# how do I find right length to face lnb to the dish



## mrel (Jun 18, 2008)

Hello 
Is there a forumla to find the focal point of an offset dish .
What is length of lnb arm should be point to the dish.
Found (label say mizushi )dish at swapmeet the dish did not have lnb arm and some other missing parts.
The size of the dish around 120cm.
mrel


----------



## space86 (May 4, 2007)

Is it a Dish 1000 ?


----------



## bruin95 (Apr 23, 2006)

Wrong forum. Post this question in the FTA section.


----------



## Ext 721 (Feb 26, 2007)

bruin95 said:


> Wrong forum. Post this question in the FTA section.


Cover that sucker carefully in tin foil. smooth out all the wrinkles until it is as smooth as you can get it, and as close to a mirror as you can.

Then, use the sun.

or...

If the dish has elevation marks, compare the elevation marks to the dish face. What elevation does it read when the dish face is vertical? This will tell you the offset (or do we need to divide by half....hmmm.....)

Formulas would require you to measure the curvature of the dish (as in, how many degrees of curve for every meter/yard of surface...that's not easily done with any accuracy.
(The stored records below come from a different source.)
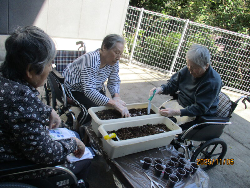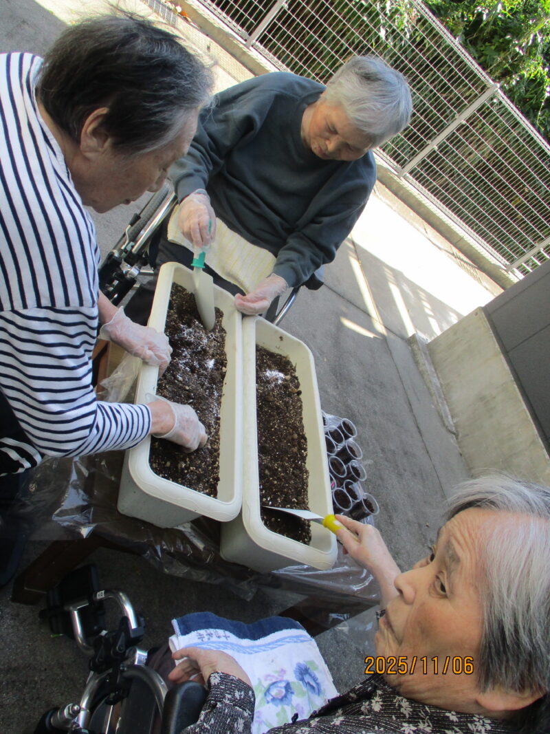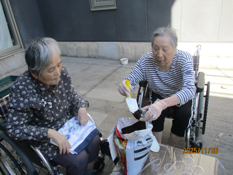 11月6日、ユニットの中庭で園芸活動を行いました。
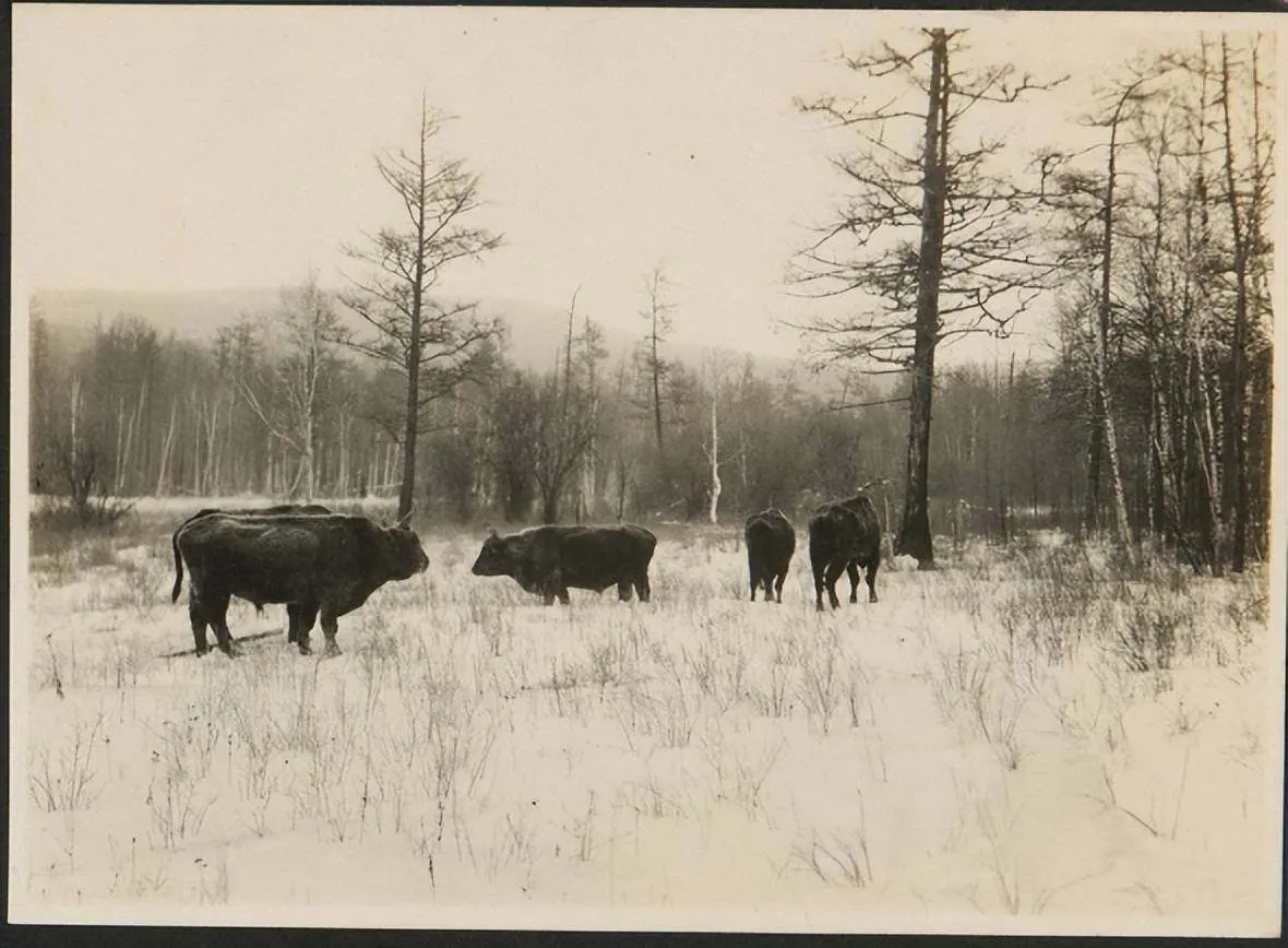 2. ในป่าของภูเขา Xing'an มีวัวหลายตัวกำลังเล็มหญ้าอยู่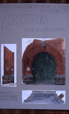 'Foton, teckningar och modeller av studenter från Chalmers Tekniska högskola, Institutionen för Arkitekturhistoria, Göteborg. Foton och teckningar av detaljer från Naturhistoriska museets byggader, byggnadsvård. :: :: Ingår i serie med fotonr. 6929:1-21.Entre till gården, portal''.'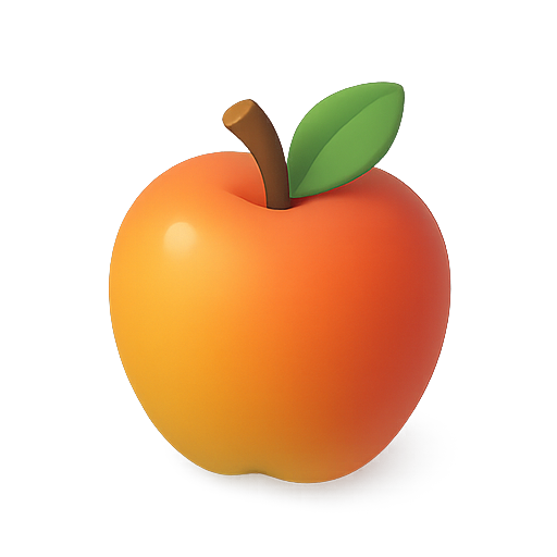 Stylized 3D Apricot Icon with Leaf and Stem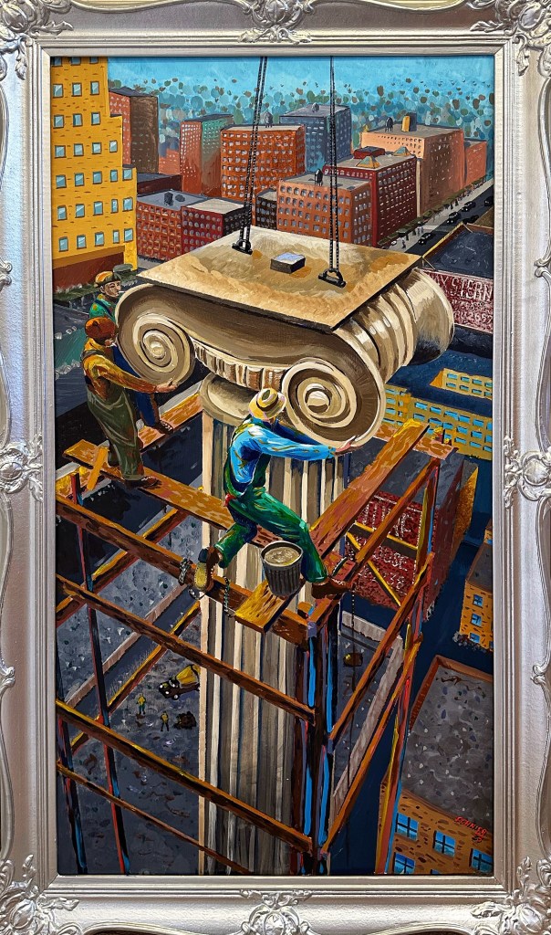 21” x 41” (image) 28” x 47” (framed) Acrylic on wood panel in vintage frame. The same worker from “Red Bandana”, now on a scaffolding, installing the columns outside the Cincinnati Court house. Based on a vintage photo. 2023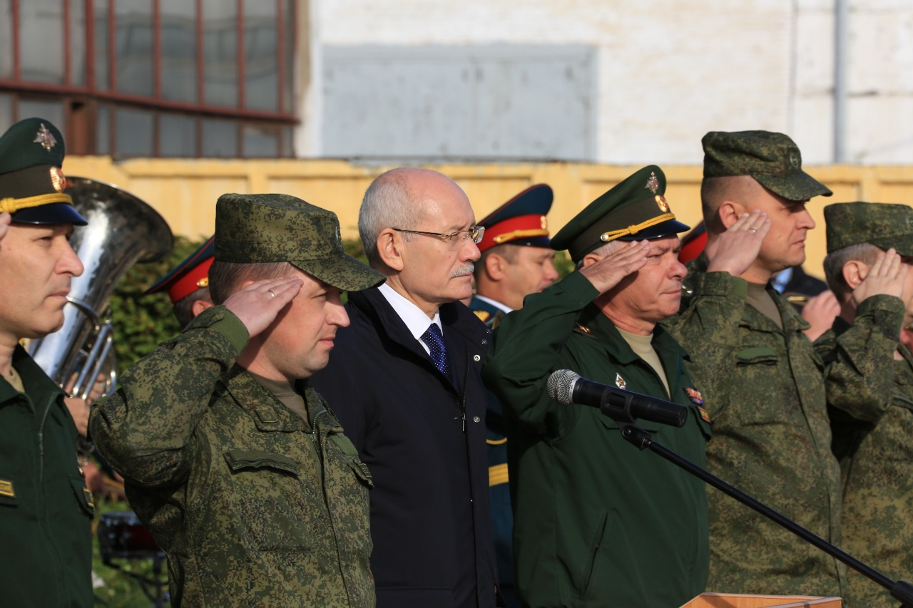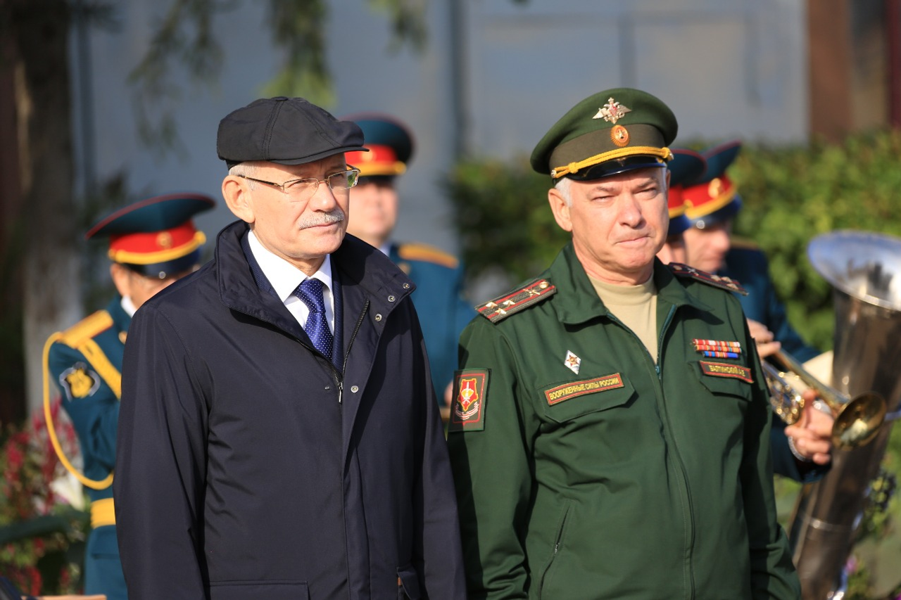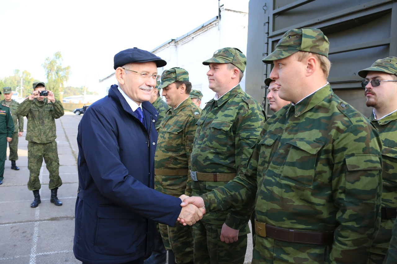 UFA, 16 September 2015. /Bashinform News Agency, Iliya Spiridonov/. On September 16, in Ufa, the Head of Bashkortostan Rustem Khamitov delivered a report at a meeting dedicated to the end of the strategic command-staff exercises "Centre-2015", which have been taking place at the Central Military District since September 7.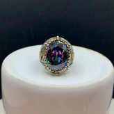 انگشتر نقره مردانه کوارتز هفت رنگ برنزکاری شده-1741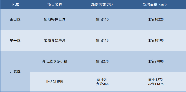 本周六区新增供应来自:莱山区·金地格林世界新增供应110套;牟平区·龙湖葡醍海湾新增供应118套;开发区·海信波尔多小镇新增供应276套,业达科技园新增供应387套。

Much better to use the foil method. It will give quick and reasonably accurate results without having to measure the inner curvature of the dish...just keep moving that puppy until you get as small a blob of light as you can. Put the LNB there, angled so it faces the dish center.


----------



## FTA Michael (Jul 21, 2002)

Or Google search until you find a matching dish, then either try to get a replacement arm or a good look at an assembled dish and arm.


----------